- Exercise requirements: What is wanted is every line below from the one with "In Groovy, the" up to and including the one with "Some things really", retyped exactly, pictures excluded, nothing else.

- Provided information:
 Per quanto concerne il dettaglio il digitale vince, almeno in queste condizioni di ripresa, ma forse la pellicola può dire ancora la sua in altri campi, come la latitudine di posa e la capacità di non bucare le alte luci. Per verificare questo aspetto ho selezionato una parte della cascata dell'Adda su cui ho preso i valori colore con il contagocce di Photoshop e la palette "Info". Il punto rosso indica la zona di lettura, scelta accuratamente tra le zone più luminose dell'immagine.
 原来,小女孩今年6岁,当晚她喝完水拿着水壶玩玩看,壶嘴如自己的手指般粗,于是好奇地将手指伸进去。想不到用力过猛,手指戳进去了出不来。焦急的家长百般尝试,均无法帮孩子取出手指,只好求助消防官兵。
* * *
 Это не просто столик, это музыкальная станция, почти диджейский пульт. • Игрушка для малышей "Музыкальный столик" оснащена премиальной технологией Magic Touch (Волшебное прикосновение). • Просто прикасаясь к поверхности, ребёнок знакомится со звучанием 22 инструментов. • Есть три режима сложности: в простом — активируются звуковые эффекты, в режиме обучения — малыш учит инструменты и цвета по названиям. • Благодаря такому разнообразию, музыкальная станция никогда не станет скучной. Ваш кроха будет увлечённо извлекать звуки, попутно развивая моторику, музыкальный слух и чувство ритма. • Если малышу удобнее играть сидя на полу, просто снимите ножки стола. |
--
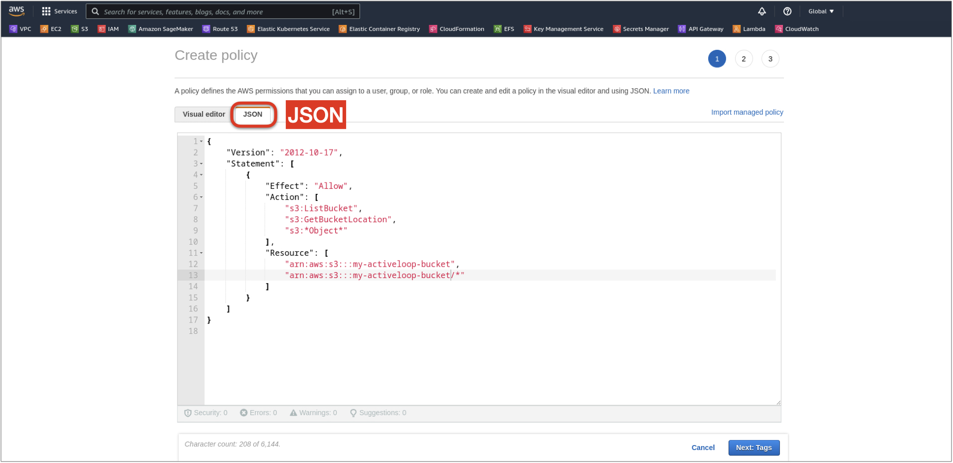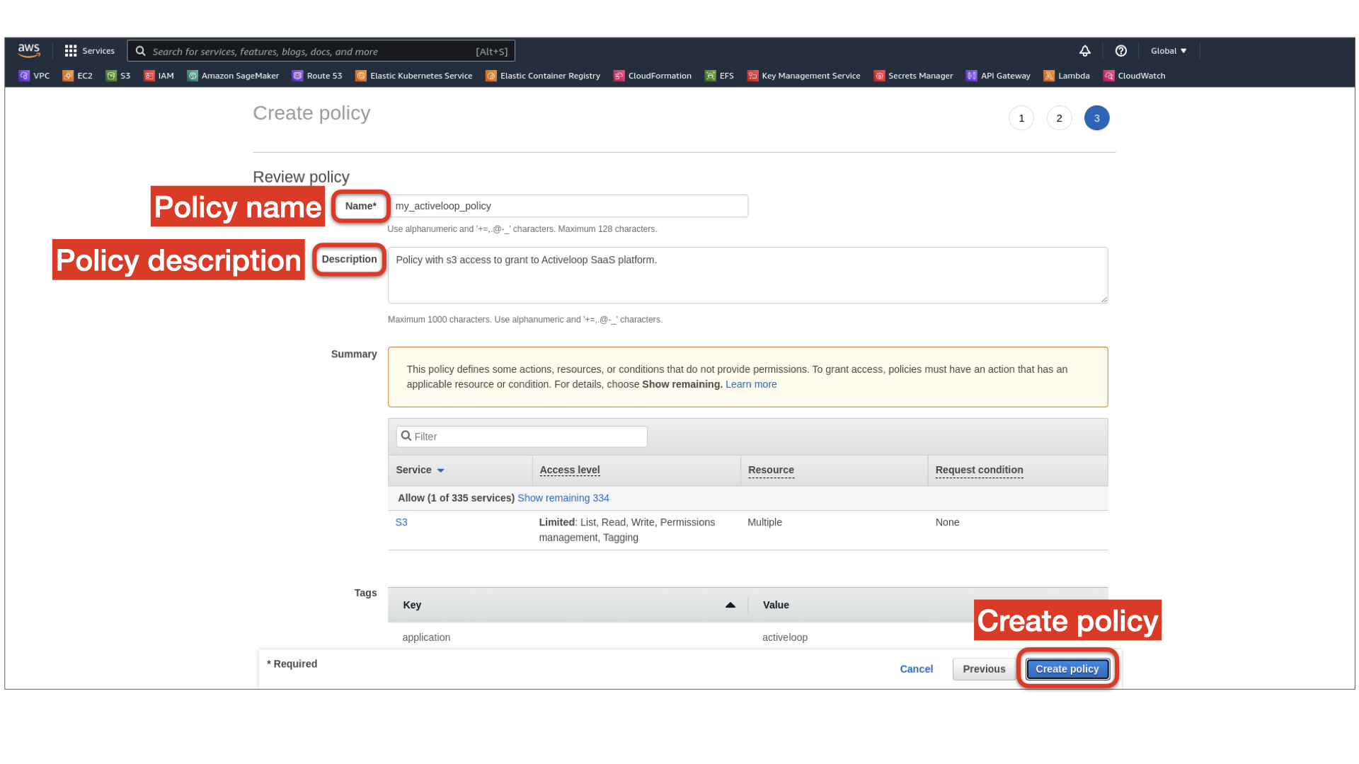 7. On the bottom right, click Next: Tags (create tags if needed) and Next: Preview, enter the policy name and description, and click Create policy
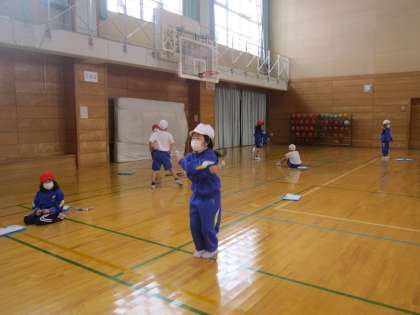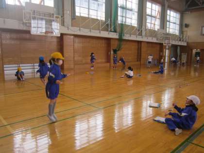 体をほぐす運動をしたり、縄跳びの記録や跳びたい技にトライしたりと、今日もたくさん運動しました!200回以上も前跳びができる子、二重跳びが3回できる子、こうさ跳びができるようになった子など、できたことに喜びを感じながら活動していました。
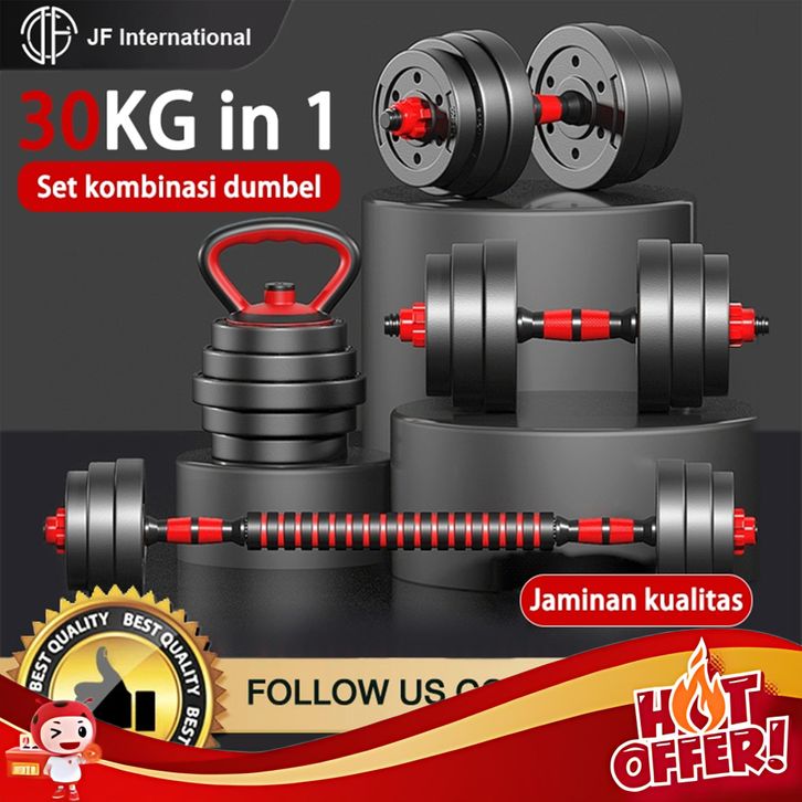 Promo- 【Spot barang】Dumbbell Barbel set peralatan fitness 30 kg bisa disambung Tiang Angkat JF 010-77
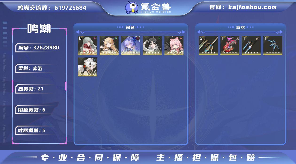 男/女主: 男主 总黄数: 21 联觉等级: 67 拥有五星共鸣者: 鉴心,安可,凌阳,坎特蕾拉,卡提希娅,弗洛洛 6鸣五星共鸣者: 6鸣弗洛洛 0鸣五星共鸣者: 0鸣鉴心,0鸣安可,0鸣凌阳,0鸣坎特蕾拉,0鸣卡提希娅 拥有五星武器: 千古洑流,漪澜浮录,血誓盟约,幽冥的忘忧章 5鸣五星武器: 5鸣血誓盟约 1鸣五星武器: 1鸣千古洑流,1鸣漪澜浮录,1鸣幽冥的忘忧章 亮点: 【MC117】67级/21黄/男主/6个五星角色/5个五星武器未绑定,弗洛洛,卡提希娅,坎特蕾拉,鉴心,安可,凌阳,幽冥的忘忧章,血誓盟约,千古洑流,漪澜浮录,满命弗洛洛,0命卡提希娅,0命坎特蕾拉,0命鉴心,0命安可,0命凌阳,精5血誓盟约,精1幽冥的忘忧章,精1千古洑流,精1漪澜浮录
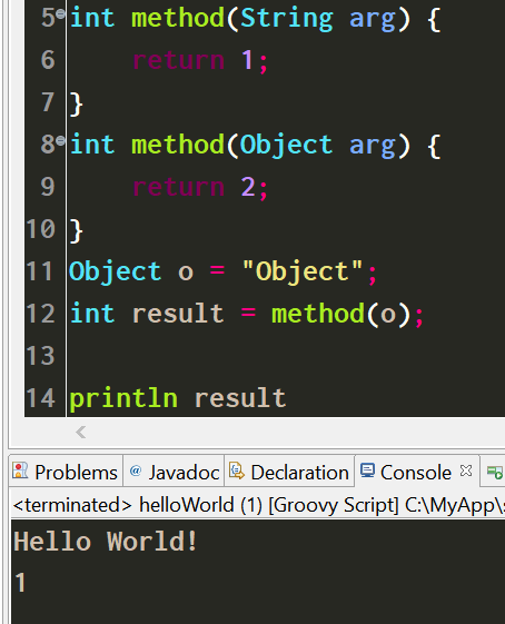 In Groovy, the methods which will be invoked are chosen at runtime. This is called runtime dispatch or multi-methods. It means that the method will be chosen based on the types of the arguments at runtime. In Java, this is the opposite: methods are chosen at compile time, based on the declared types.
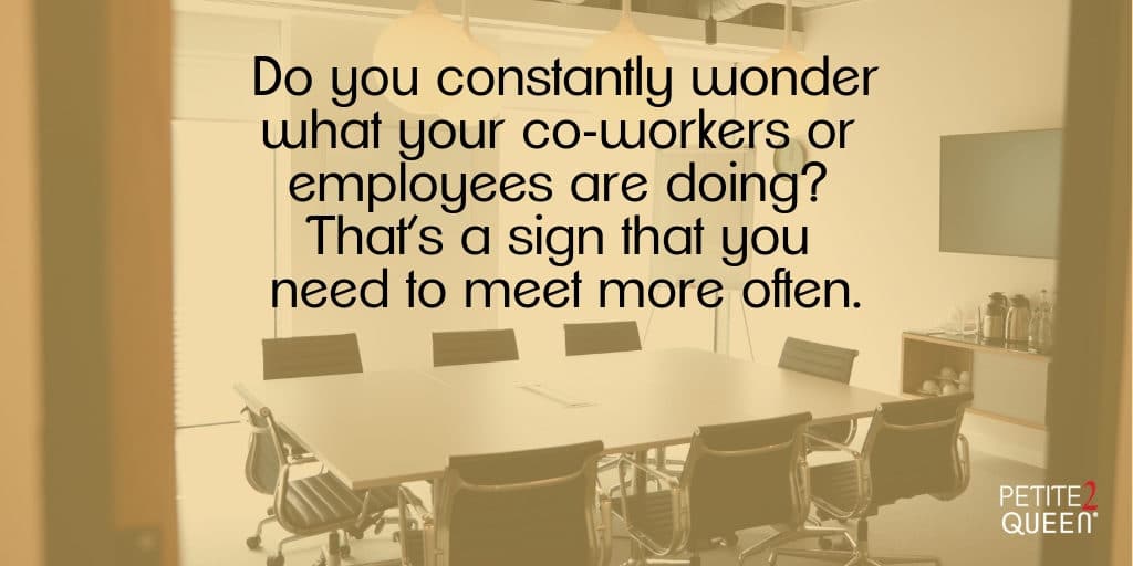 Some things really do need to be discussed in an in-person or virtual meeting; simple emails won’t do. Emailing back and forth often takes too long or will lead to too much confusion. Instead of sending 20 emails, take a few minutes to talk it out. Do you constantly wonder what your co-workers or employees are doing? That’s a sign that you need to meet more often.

- Written answer:
 In Groovy, the methods which will be invoked are chosen at runtime. This is called runtime dispatch or multi-methods. It means that the method will be chosen based on the types of the arguments at runtime. In Java, this is the opposite: methods are chosen at compile time, based on the declared types.
 Some things really do need to be discussed in an in-person or virtual meeting; simple emails won’t do. Emailing back and forth often takes too long or will lead to too much confusion. Instead of sending 20 emails, take a few minutes to talk it out. Do you constantly wonder what your co-workers or employees are doing? That’s a sign that you need to meet more often.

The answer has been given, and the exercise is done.